I just watched the CNN corporate shills singing Susan Rice’s praises under the direction of Maestro Wolfgang Blitzkrieg. I guess nobody in the fawning corporate media is willing to go after her war mongering. Despite the fact that she is philosophically aligned with the Neocons, McCain and Graham oppose her, but Lieberman loves her for obvious reasons. The only one telling a grain of truth was Scary Mary Matalin. As much as I like her husband, James Carville, even he thinks Hillary would make a great candidate for 2016. Progressives have welcomed the Neocon Trojan Horses aboard with open arms and open gates…Balkanization of the “Global South” appears to be a fait accompli.

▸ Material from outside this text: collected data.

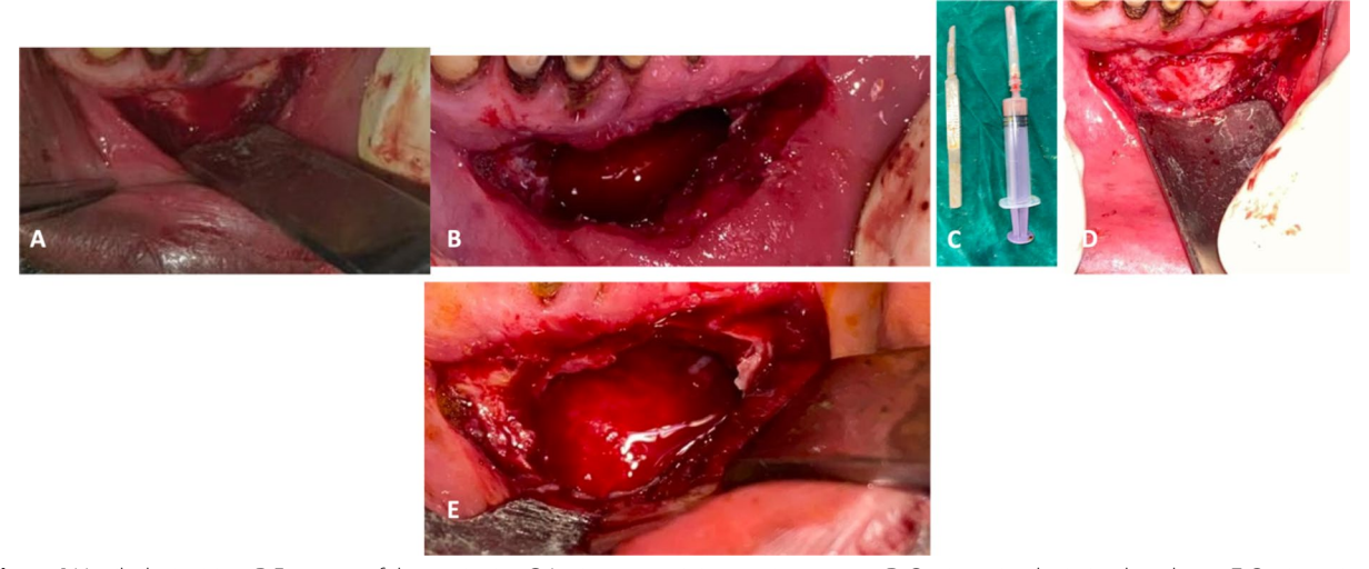
Fig. 1 A Vestibular incision. B Exposure of the cystic site. C Aspirate containing cystic contents. D Cystic cavity depicting bare bone. E Cystic cavity showing cystic lining

Radiographic examination included full mouth orthopantomogram (OPG) and intraoral periapical radiograph (IOPA) of tooth 36. A panoramic radiograph (OPG) was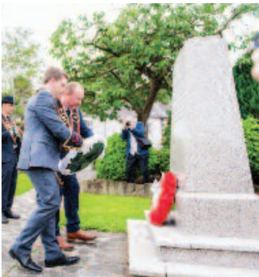
Members of RBP 1000 pay their respects at the village memorial prior to the main Scarva parade.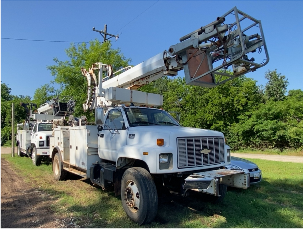
Front Right / 05-14-2024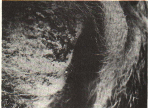
Figure 4. Close-up view of Sarcoptes -infested outer ear, showing thickened skin with scab formation.

parasite's life cycle. Because of the increased susceptibility of baby pigs to lice and mange and the increased toxicity of many chemicals to pigs under weaning age, the sow becomes a focal point for pest control measures.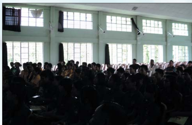
▲ Section of the students during the programme.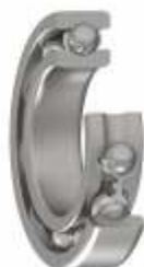
Open Type DGBB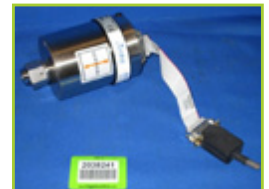
ABEC 2005 200L VESSEL

HGP will be hosting a one day open to the public inspection on 2/25/14 from 9:00am – 4:00pm PST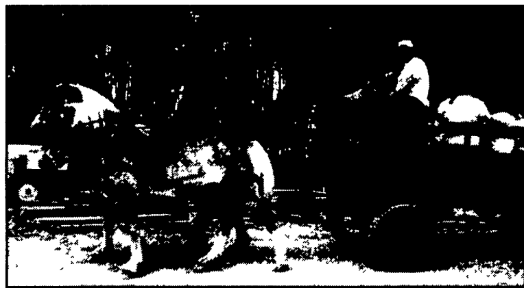
Reunion visitors enjoy a draft horse-driven wagon ride.

There were tractor pulled wagon rides and wagons pulled by draft horses.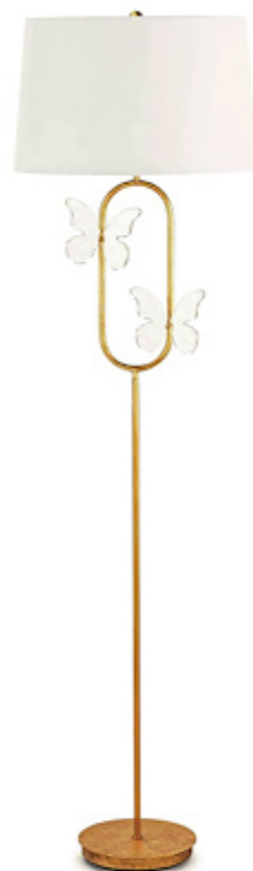
The Monarch floor lamp by Regina Andrew has a steel frame dusted in a light gold lead finish and is set off by two clear glass butterflies. Atlanta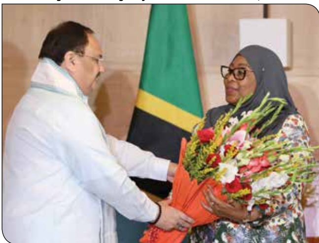
BJP National President Shri Jagat Prakash Nadda meets President of Tanzania Samia Suluhu Hassan in New Delhi on 11 October, 2023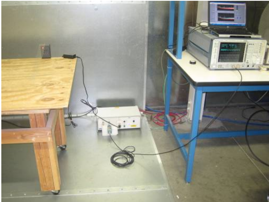
AC Line Conducted Emission Front View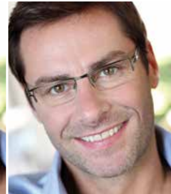
KODAK CleAR+ Lens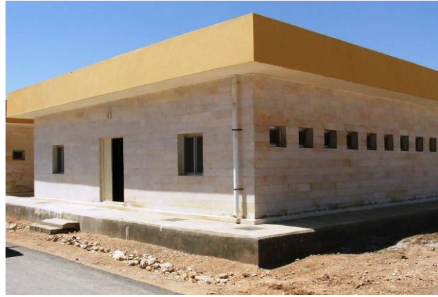
Site Photo 8. Completed shower and toilet building

The interior design for each building required 20 water closets with eastern style toilets, 20 individual shower stalls, and 28 hand washing stations. The interior finishes included ceramic tile floors and walls. The design also required individual wood doors for each water closet and shower stall. Site Photo 9 provides an example of the hand washing stations in one of the shower and toilet buildings.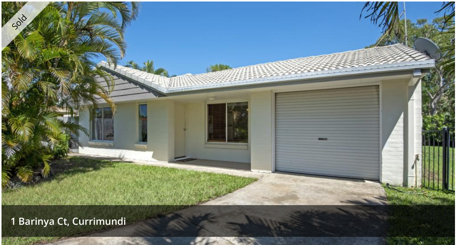
1 Barinya Ct, Currimundi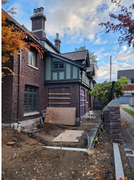
New stormwater collection pipes along the west side of the property. Note that the old coal chute patch has been removed and replaced with salvaged clinker brick to match the house. (Photo taken: November 11, 2022)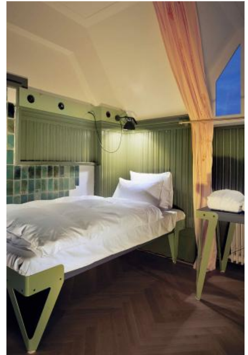
One-star room, The Lloyd Hotel & Cultural Embassy, Amsterdam

As the world's first hotel spanning one to five stars, the rooms are mostly categorised by size rather than comfort or style, so WGSN recommends choosing one of the Lloyd's concept-designed rooms for maximum wow-factor and comfort. Even better – ask to see the room before you book.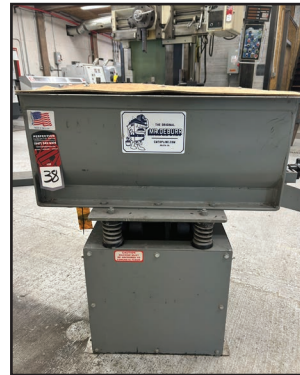
C&M TOPLINE MR. DEBURR DB300 VIBRATORY FINISHER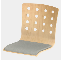
Optionally with seat upholstery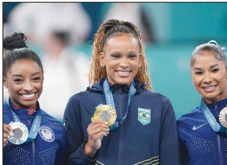
Gold medalist Rebeca Andrade, center, of Brazil, celebrates on the podium with silver medalist Simone Biles, left, of the United States, and Jordan Chiles, also of the United States, during medal ceremony for the women's artistic gymnastics individual floor finals at Bercy Arena at the 2024 Summer Olympics in Paris, France.

The routine ends with Biles blowing a kiss, a little wink that she has incorporated into her program in various forms for years.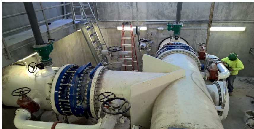
Central Pipeline connection to the 15000 S Pipeline, near completion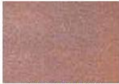
EZ-Accent Water Based Acrylic Stain Mission Brown

Pro Line stains are water based and used for a more transparent finish on the concrete. They provide a finish that is not as bright as the Smiths which some customers may find valuable.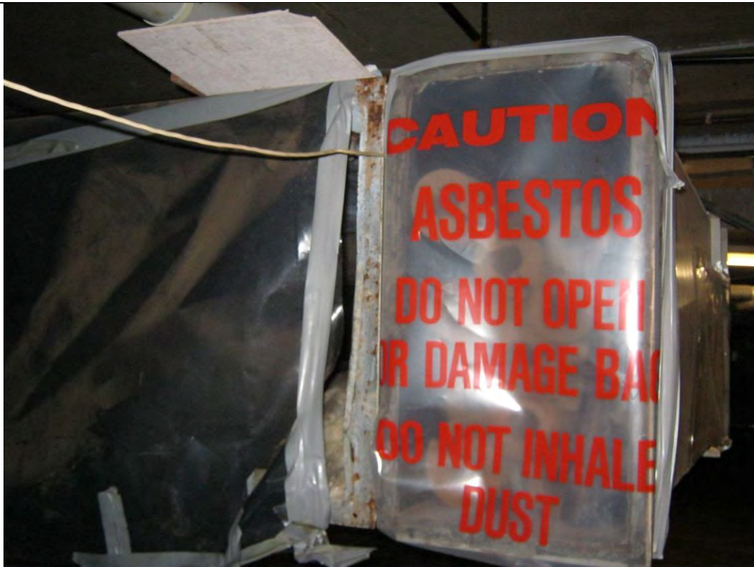
Photograph 4: S Block, Clarifier Room, asbestos waste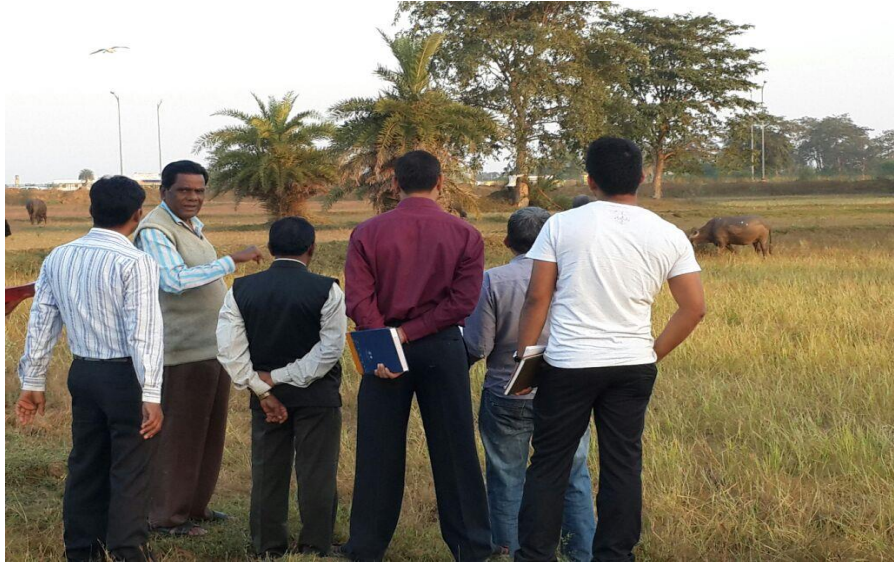
Site Visit by WAPCOS Officials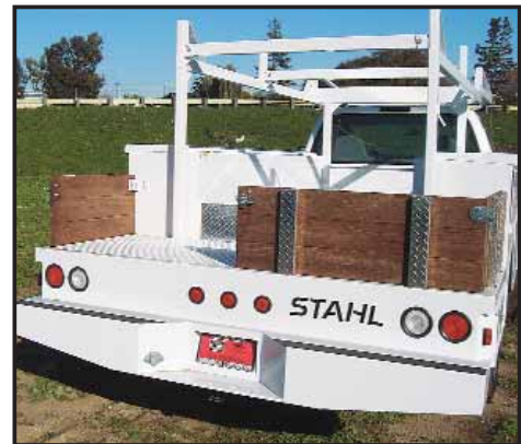
Stake racks easily remove for easy access into cargo area.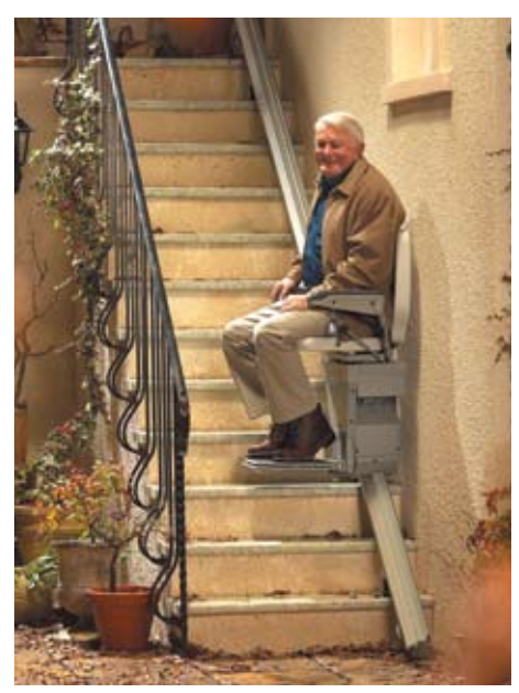
3. Gentle pressure on the directional controls positioned on the arm is all it takes to make your stairlift move smoothly up or down the stairs.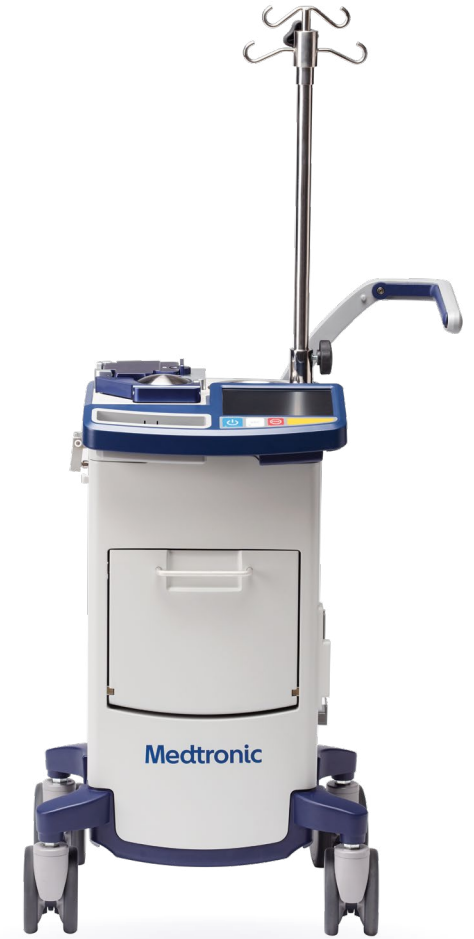
autoLog IQ™ Autotransfusion System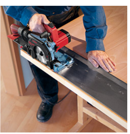
In combination with the roll-up Flexi-Guide FX 140, precise guided cuts up to 1.4 m (4.6 ft) long can be executed with consummate ease.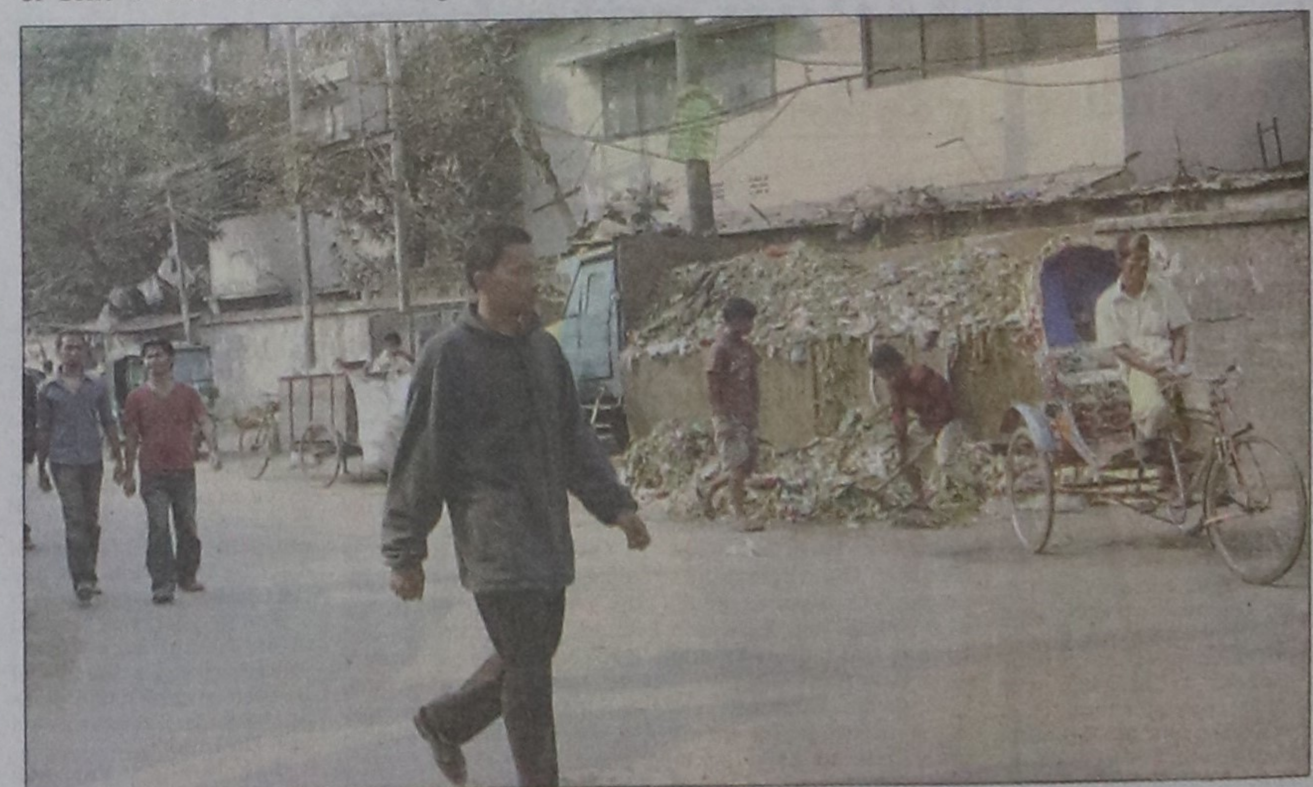
A DCC truck collects garbage from the dump in West Nakhhalpara.

Rajuk's town planner Mortaza said it is not Rajuk's job to set up dustbins. Right now Rajuk's main concern is the Bijoy Sarani extension to Tejgaon Link Road. If they have to demolish any dustbin in the area, then they will allocate a suitable place after discussing with the DCC.

Sorry, but I don’t understand your objections to Rice. Are there other objections you can’t tell us? Other than not being a lawyer, which I’m not sure makes a person qualified for a foreign-policy position anyway, what makes her different from Hillary Clinton or Condoleeza Rice? You think these two “questioned authority” or had no conflicts of interest in places like Africa or elsewhere? Your biggest criticism is that she works hard to please her bosses, or that John McCain, Lindsey Graham and Susan Ayotte were “confused” by their meeting? At least you and Heilbrunn agree the Benghazi affair is overblown political hackery. So unless you come up with more compelling reasons to be against her nomination, I won’t agree.